Blebbishield emergency program is a process which acts as a last line of defense for cancer stem cells after induction of apoptosis where the apoptotic blebs fuse to shield the cells/nucleus from the destructive force of apoptosis by forming blebbishields. Blebbishields in turn fuse to each other and generate cancer stem cell spheres/cellular transformation, essentially shifting the balance of dying cells back towards survival.

Discovery
Blebbishields were first identified in human bladder cancer cell line RT4 (HTB-2: ATCC), referred to as RT4P (RT4 parent) in the initial report.

Blebbishield formation
Every cell type, especially cancer cells, are capable of undergoing apoptosis, a process in which the plasma membrane undergoes blebbing followed by orderly deconstruction of cells into apoptotic bodies. Cancer stem cells have the extraordinary ability to construct blebbishields from these apoptotic bodies by bleb-bleb fusion and form stem cell spheres/cellular transformation by sub-sequent blebbishield-blebbishield fusion. Endocytosis and endocytosis-driven serpentine filopodia are necessary to tether and tie apoptotic bodies to facilitate fusion. The involvement of membrane fusion was confirmed by inhibiting cholesterol using the cholesterol antagonist Filipin-III.

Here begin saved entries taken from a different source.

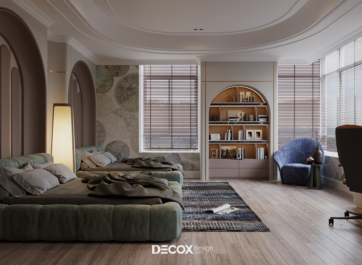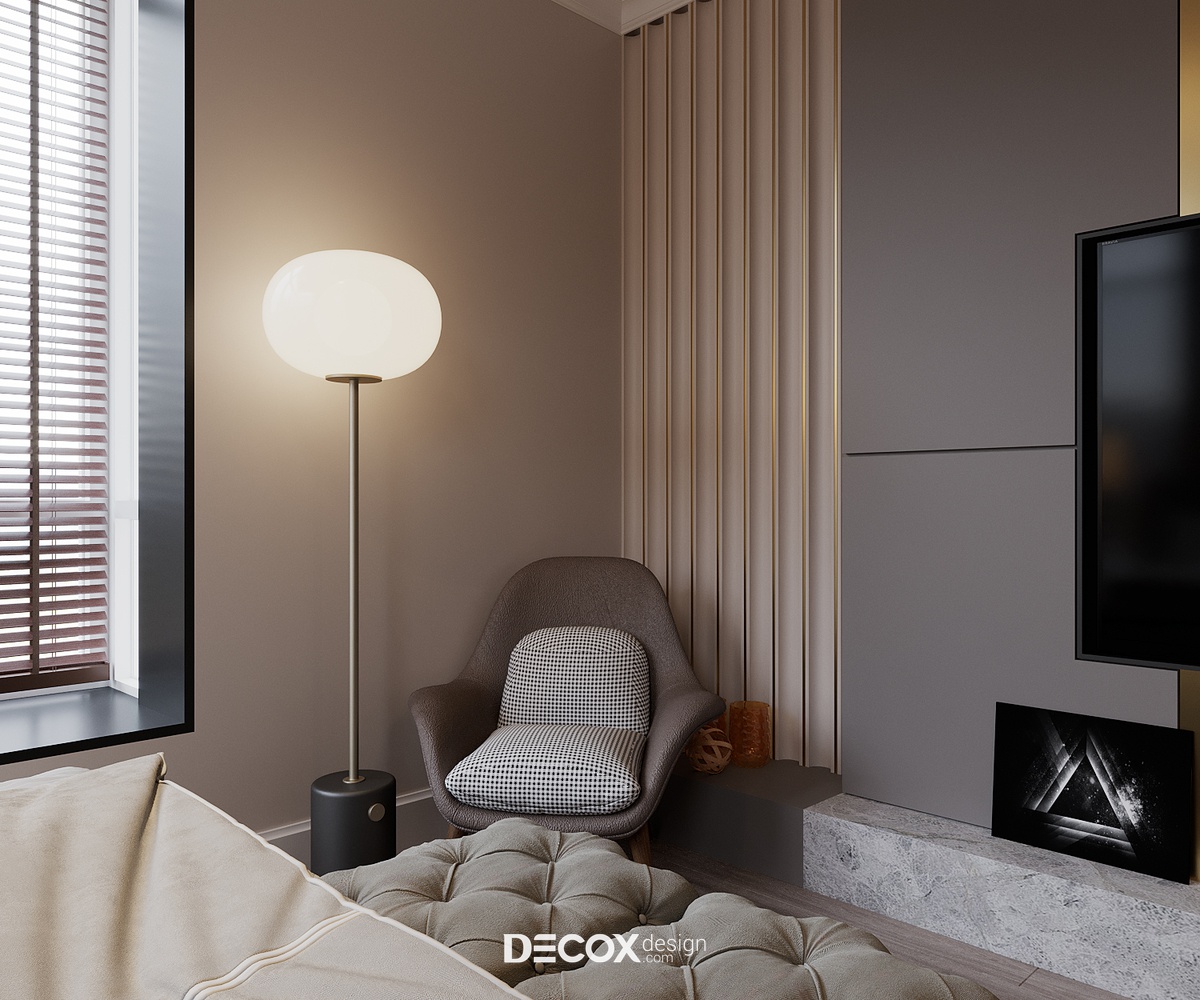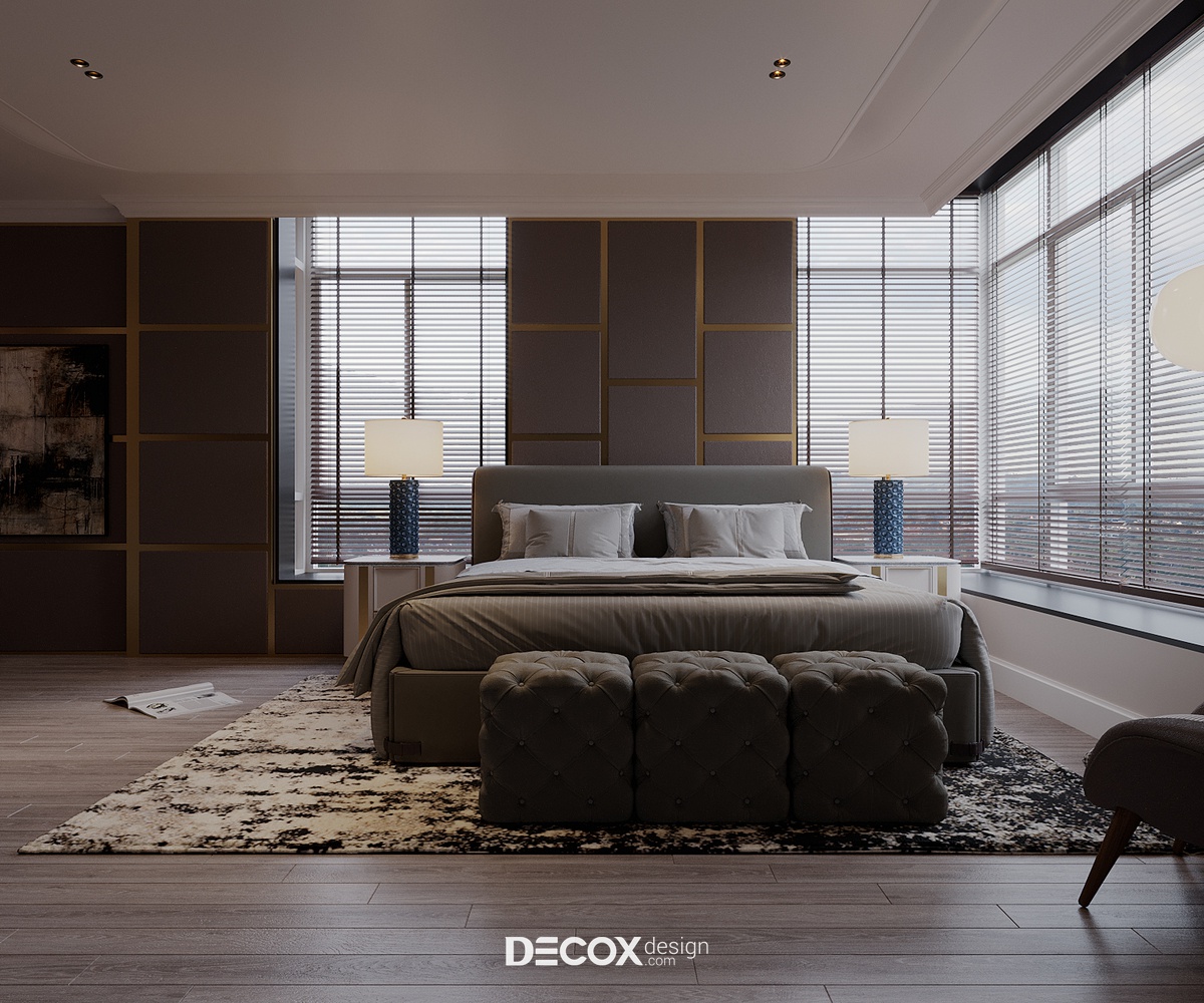 Đóng vai trò là không gian riêng tư của gia chủ nên ngoài yếu tố tiện nghi, phục vụ đầy đủ nhu cầu sử dụng thì việc trang hoàng không gian “vương giả” cũng không kém phần quan trọng. Để thực hiện điều đó, phòng cần có diện tích đủ lớn để phát triển thêm các khu vực chức năng khác như: phòng làm việc, nơi đọc sách - thư giãn, phòng trang điểm, phòng thay đồ và WC tiện nghi. Không gian nghỉ ngơi được “lấp đầy” bởi chiếc giường ngủ bệt có kích thước lý tưởng cùng tủ đầu giường, kệ tivi và tranh trang trí. Tuy không có quá nhiều nội thất hay chi tiết trang trí nhưng khu vực chức năng chính của phòng vẫn giữ nguyên được sự cao cấp, đảm bảo tính thoải mái cần thiết thông qua những chất liệu sang trọng, nội thất cao cấp cùng đường nét tỉ mỉ.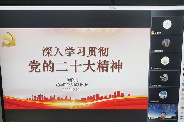 (通讯员 郭校语 石卓)12月13日晚,数学与统计学院(以下简称“数统院”)开展了“深入学习贯彻党的二十大精神”为主题的形势与政策专题教育课程。我校副校长谢资清教授担任主讲人。数统院专职组织员覃志斌出席此次讲座。此次讲座由数统院2022级新生辅导员李师澳主持。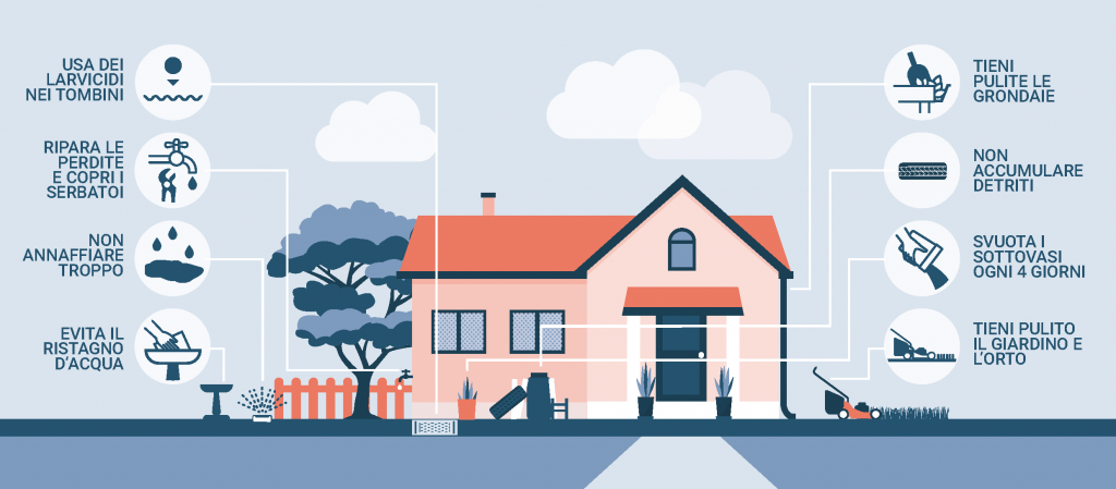 - non abbandonare oggetti e contenitori di qualsiasi natura e dimensioni dove possa raccogliersi l’acqua piovana, come copertoni, bottiglie, teli di plastica, sottovasi di piante e simili e verificarne lo svuotamento periodico, pulizia e chiusura con teli di plastica o coperchi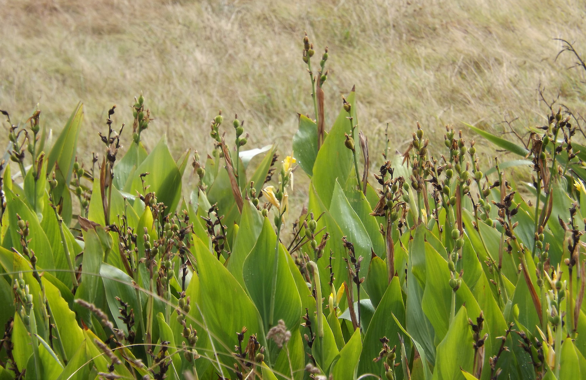 - An erect, leafy perennial herb (less than 2m tall) with thick underground stems (rhizomes) and sturdy, unbranched, green and hairless above-ground stems from which large, green (sometimes purple tinged) oblong leaves grow.

Blebbishields and cancer stem cells
Sphere forming cells widely display characteristics of tumorigenesis. Cells from blebbishield derived spheres are tumorigenic in nature, providing an important clue for tumorigenesis. Blebbishield emergency program is postulated to have the strong rationale for bladder cancer recurrence as it is a potential cause for multifocal/satellite bladder tumors. The blebbishield derived cells exhibit strong drug resistance behavior and exhibit high sensitivity to Hoechst-33342 similar to side-population cells.

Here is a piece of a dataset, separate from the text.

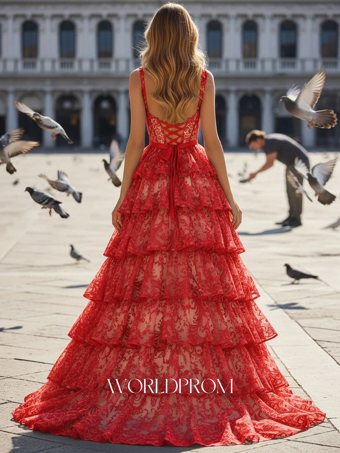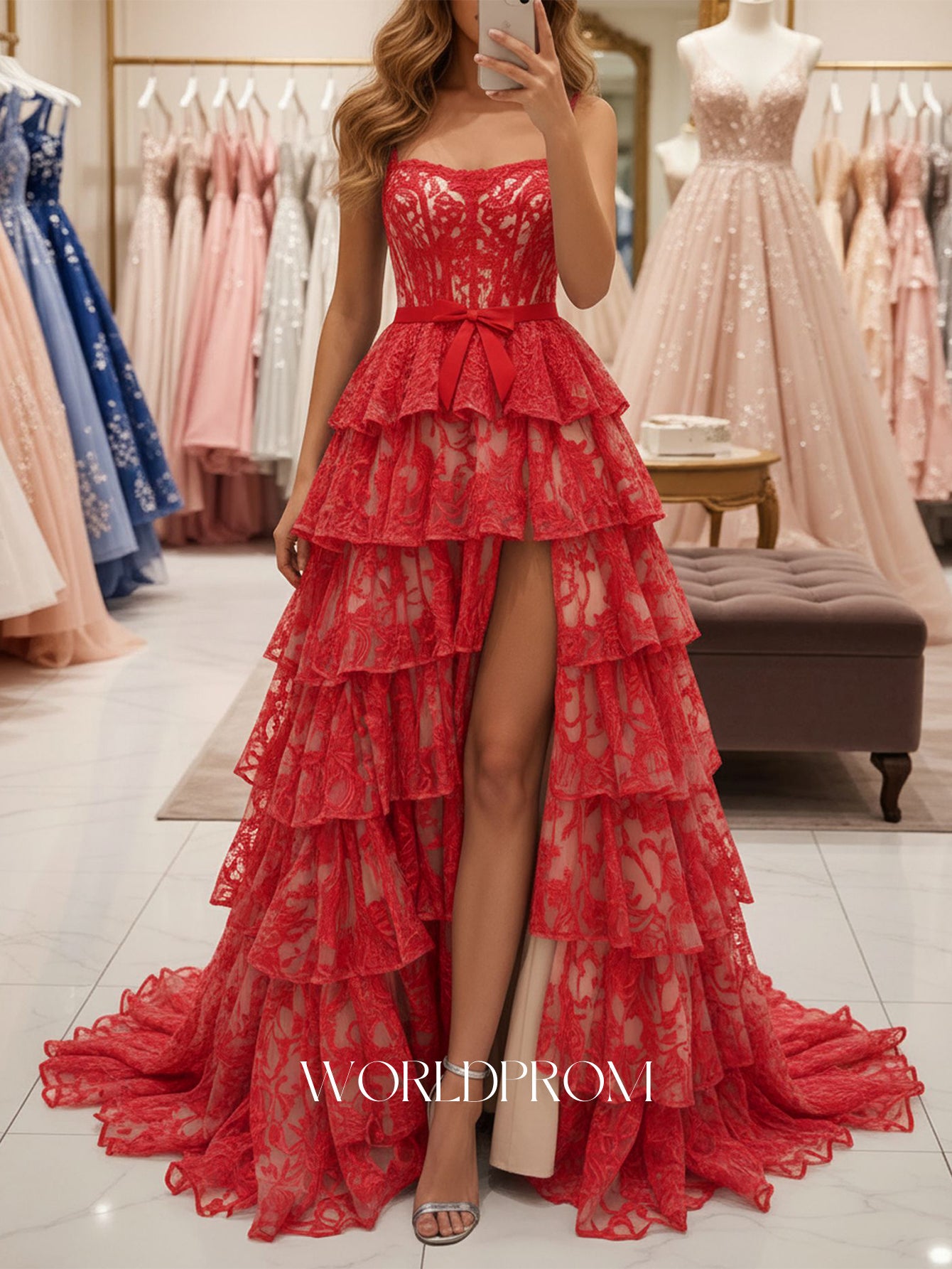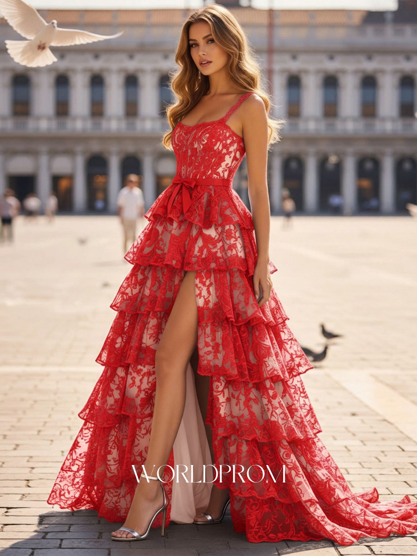 This lace prom gown features bow front with embroidery on the illusion bodice. The spaghetti straps dress has a scoop neckline and ruffled hem. Worldprom a-line prom dresses are ideal for party, evening or festivals.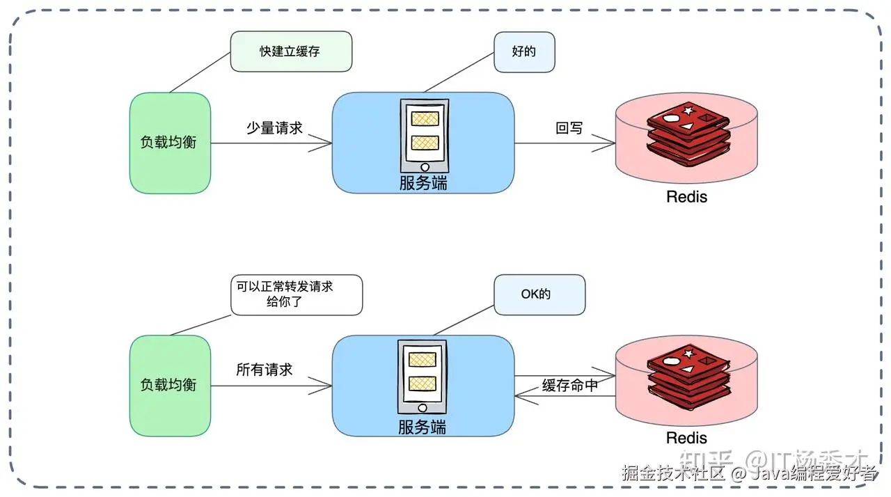 冷启动阶段(图示上方流程):新节点刚启动时,将其权重调低(比如少量请求),只让它分配到少量流量。

Positive and negative regulators of blebbishield survival

Caspases
Caspases (Caspase-3, caspase-8, caspase-9) are found to have important roles in contributing the formation of blebbishields as well as sub-sequent cancer stem cell spheres. Caspase-3 plays a dual role where it is needed for induction of proper apoptosis: to activate Bax and Bak by cleavage to kill the cells and also needed for transformation from blebbishields.

VEGF signaling
VEGF signaling, especially VEGF-A to VEGFR2 signaling plays a commanding role during the transformation from blebbishields. VEGF signaling leads to IRES translation of N-Myc, which in concert with mitochondrial oligomers to boost glycolysis to power blebbishield formation and transformation from blebbishields. Lactic acid, a tumor derived metabolite, altering pH of tumor microenvironment enhances sphere formation from blebbishields positively regulating VEGF bioavailability.

Reactive oxygen species [ROS]
Reactive oxygen species plays a role in cellular transformation. Various PKC isoforms were implicated in p47phox/Nox1 axis mediated ROS generation during cellular transformation. PKC-ζ isoform interaction with p47phox was found to be critical for ROS production and transformation from blebbishields.

Role of mitochondria and Glycolysis in blebbishield emergency program
Protection of mitochondria from outer membrane permeabilization is important to retain the transforming potential of blebbishields. Functional mitochondria lead to uninterrupted glycolysis which in turn protects the blebbishields from secondary necrosis. K-Ras, BAD (phosphorylated at Ser-112), p27, Bax and Bak forms oligomers to boost glycolysis, which in turn overrides secondary necrosis and offer energy required to proceed with the reconstruction process during cellular transformation from blebbishields.

Other factors
N-linked glycosylation and v-ATPase were implicated to have survival roles in blebbishield emergency program.